Water–Rock reactions in the acid leaching of Uranium: Hydrochemical characteristics and reaction mechanisms

Abstract

Acid in–situ leaching (AISL) mining is used to recover uranium from sandstone using sulphuric acid. However, the evolution of groundwater hydrochemistry, the water–rock reaction mechanisms, and their relationship remain elusive. To effectively address these issues, ore samples were obtained from a sandstone uranium deposit in Inner Mongolia in this work. Soaking tests at different sulphuric acid concentrations were performed to quantify the mining aquifer’s water–rock reaction processes (sulphuric acid and minerals) according to the hydrogeochemical composition analysis and inverse modelling. From our results, it was demonstrated that the water–rock interactions between the sulphuric acid and gangue minerals primarily affect the leachate’s chemical composition.
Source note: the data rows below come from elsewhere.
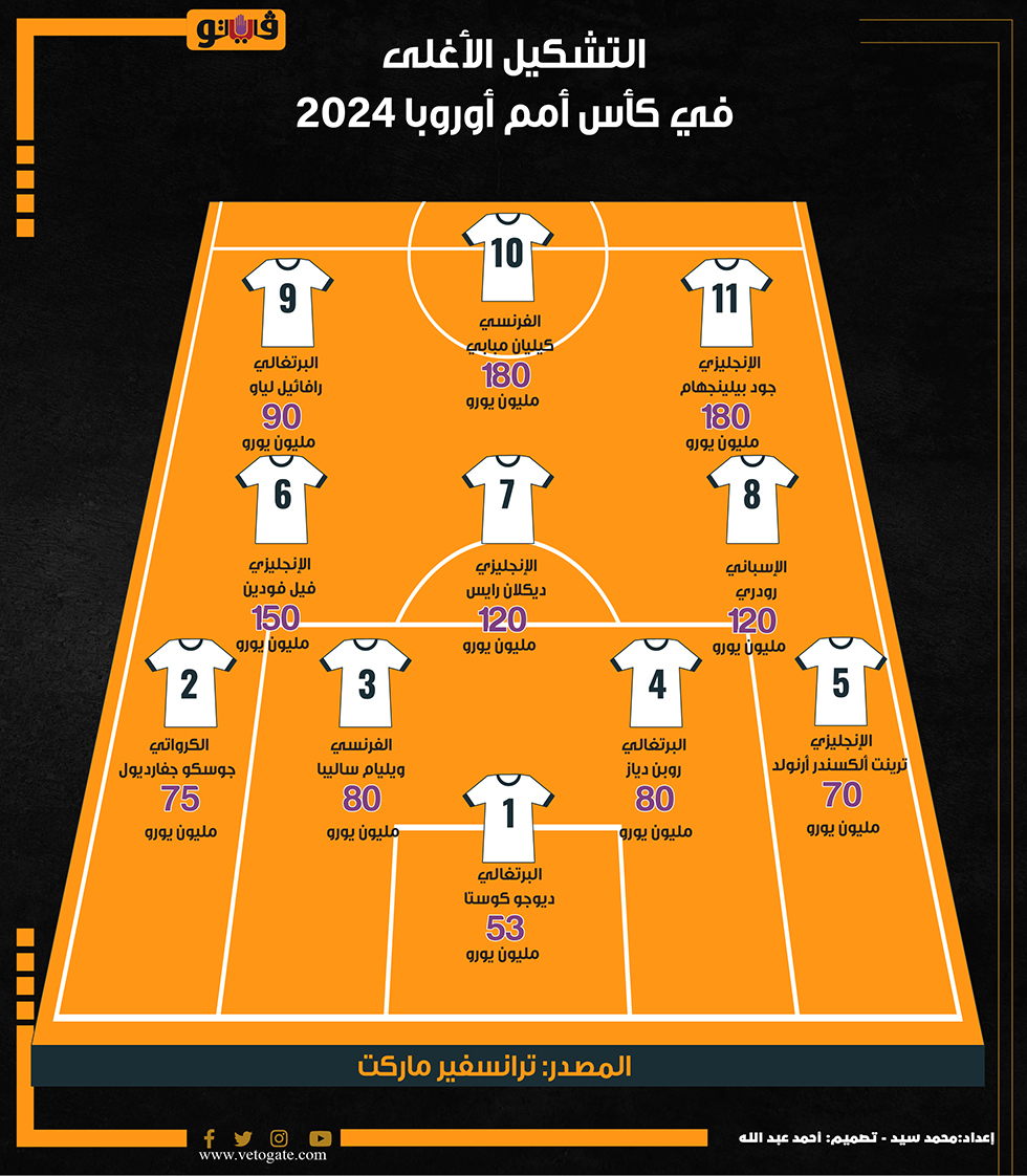 التشكيل الأغلى في كأس أمم أوروبا 2024 (إنفوجراف) الأحد 09/يونيو/2024 - 03:30 م 6/9/2024 3:30:15 PM مبابي، فيتو محمد سيد شارك طباعة 18 حجم الخط شارك طباعة مبابي كاس امم اوروبا يورو 2024 بيلينجهام الكسندر ارنولد
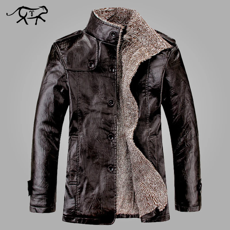 Куртка-ветровка мужская из искусственной кожи, зимняя, размера плюс, M-3XL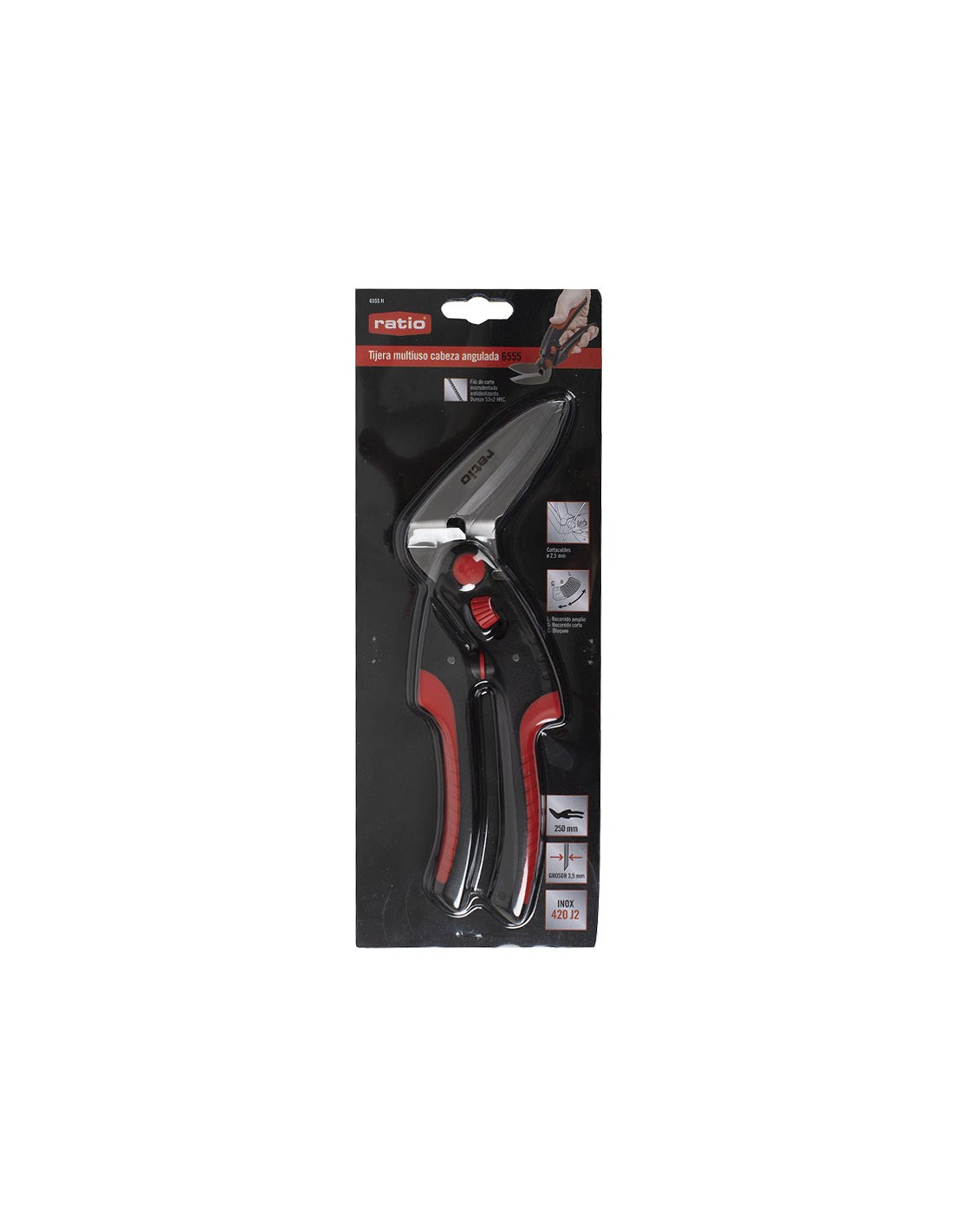 Tijera multiuso cabeza angulada RATIO 6555 Mangos bimaterial antideslizantes. Incluye selector para gran apertura "L", más reducida "S" y función cierre "C". Hojas de acero Inox 420 acabado pulido de 3,5 mm de espesor. Con filo (53±2 HRC) antideslizante gracias al microdentado. Cabeza angulada para hacer fácilmente corte largos. 250 mm.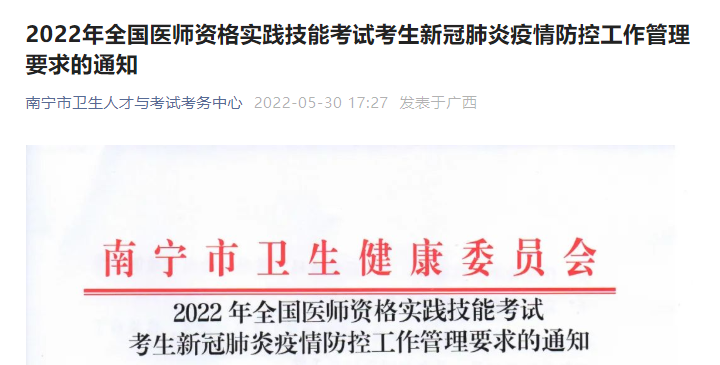 廣西南寧市2022年全國醫(yī)師資格實踐技能考試考生新冠肺炎疫情防控工作管理要求的通知

The introduction of sulphuric acid efficiently facilitates the gangue mineral dissolution and the groundwater total dissolved solids (TDS) increases and enhances the formation of uranyl sulphate (predominantly UO2SO4 and UO2(SO4)22– and UO22+, thus stimulating uranium mobility. Mineral precipitation (mirabilite) is primarily responsible for the elevated TDS in the leachate. The leachate’s oxygenation mainly depends on the sulphuric acid concentration and Fe3+ concentration produced by hematite dissolution. During the AISL process, the dissolution of dolomite, calcite, FeO, hematite, pyrite, K–feldspar, anorthite, chlorite, and alunite take place in the groundwater system. In parallel, the precipitation of kaolinite, illite, Ca–Montmorillonite and mirabilite, accompanied by Na–K exchange and Na–Mg exchange occur. The dissolution of dolomite, calcite and illite and Na–Mg exchange mostly affects the hydrochemical evolution, as well as the leachate of Fe mainly from dissolved chlorite. The predominant precipitates were kaolinite and mirabilite, with their precipitation ability increasing with acidity. These findings highlight the importance of clarifying the relationship between the hydrochemical characteristics and the water–rock reaction mechanisms in AISL geochemical processes to elucidate the hydrochemical evolution and mineral corrosion characteristics of ore–bearing aquifers. Finally, K–feldspar, alunite, chlorite, anorthite and dolomite were obtained as the major acid–consuming minerals. Our work provides a novel evaluation method for the prediction of acid consumption that can be used for actual production.